Она схватила телеграмму.
— В Мюнхен? Но там стреляют!
— Да. И мне больше не нужно скрывать Зеркальный Щит. Грядут грозные события. То, к чему так долго готовились.
— Ты обнаружишь себя?!
— Приходит момент, когда придется выложить все карты на стол.
— Мы снова расстаемся…
— Вряд ли надолго. И у нас есть еще несколько часов. Обними меня!
К ночи, глядя на проносящие мимо стекол вагона светящиеся окна домов, Юля поверить не могла, что так внезапно все закончилось.
В том, что Федор без ума от нее, она не сомневалась.
Но он не сказал самые главные слова: сударыня, соблаговолите ли вы выйти за меня замуж? Встав на колено и протянув обручальное кольцо с красивым камушком, денег у него хватит и на королевский бриллиант… Или без мишуры. Нет, не попросил ее руки, а любые намеки на планы будущего отвечал одинаково: вот закончится война, тогда…
В чем-то он прав. Сложно думать о будущем, когда на тебя охотится кайзеровская разведка.
Но не только безопасность и спокойствие его волнуют. Больше, чем в Юлию, он влюблен в свое дело. Даже свадьба и дети его не изменят. Такой уж человек. В чем-то незаурядный, а в другом несносный.
Как с этим смириться? Как с этим жить?
Глава 14
Предписание явиться на высочайшую аудиенцию Брусилов получил через три дня. Император хворал, посещения ему ограничили. Великого князя Михаила Георгиевича в Петрограде не было, выяснить у него подробности парижского гешефта министр не мог и пребывал в неведении, злясь от бессилия. Представление на награду Игнатьеву не было составлено — начальник разведки решился на открытый саботаж.
Адъютант подготовил папку с документами, требующими внимания монарха, еще раз проверил мундир начальника, приличествующий случаю. Генерал-фельдмаршал, одевшись, глянул перед выходом в зеркало и, как водится, скривился. Причина расстройства была, можно сказать, стратегическая. Генштаб считал, что в отсутствие былой мощи боевых магов германцы применят отравляющие химикаты. Тем более что артиллерийские снаряды с отравой поступили и на российские склады — чтобы отвесить супостату той же мерой. Посему сухопутные войска срочно оснащались противогазами. Предлагались даже лошадиные — длинные, на размер конской морды.
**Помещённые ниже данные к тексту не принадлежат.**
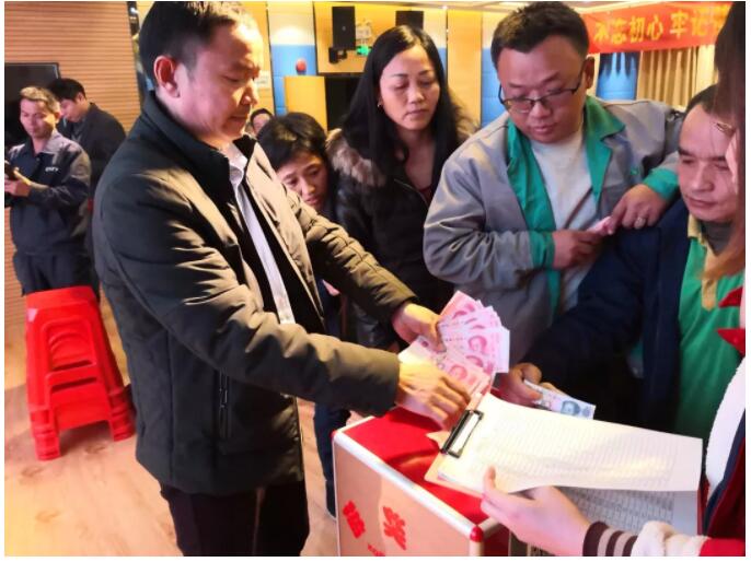 赵总和郎总回到工厂后,立刻发出公开信号召全体同仁发扬“一人有难,八方援助“的优良传统,伸出援助之手,捐出力所能及的一份“爱心”,献上一片真情。并组织员工在工厂多媒体厅进行了募捐活动……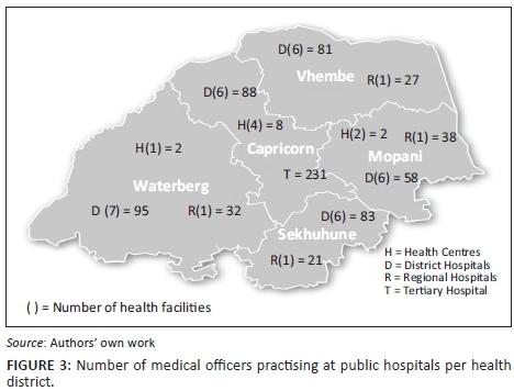 RESULT: The mean age of the 887 medical doctors was 40.1 ± 11.2 years (range 24-79 years). Sixty per cent of the doctors were male, 66% were aged ≤ 45 years and 84% were African. Most of the doctors (86%) were medical officers, of which 55% had < 5 years working experience. Overall, the doctor-to-population ratio for the five districts in the province was 16.4/100 000, with Capricorn (33.7/100 000) and Waterberg (20.2/100 000) recording the highest ratios. A large proportion (43%) of medical officers are employed in the Capricorn District, of which 71% were practising at the tertiary hospital

Распространение противогазов вдруг встретило сопротивление старого офицерства, привыкшего щеголять пышными усами. Полковники сплошь носили бороды-лопаты, более уместные для стрельцов Ивана Грозного, а не современной армии. Разумеется, на пышную поросль маски противогазов не налезали, а если все же натянуть, ни о каком плотном прилегании резины к коже не могло быть и речи.
Брусилов, испросив одобрения императора Георгия Александровича, впрочем, мало вникнувшего в эту проблему, издал приказ, запрещающий ношение бород и пышных бакенбард, а также длинных усов. Пример преподал сам, хоть министру вряд ли придется сидеть в окопах на передовой, пережидая газовую атаку. Он выбрил виски и оставил лишь коротенькую щетку на верхней губе. Привыкнув к длинным гусарским усам, закрученным вверх, Алексей Алексеевич зачастую поднимал руку к лицу, и пальцы вместо тонкого кончика хватали пустоту. Отражение в зеркале показывало заостренное книзу худое лицо, начисто лишенное былой кавалерийской удали.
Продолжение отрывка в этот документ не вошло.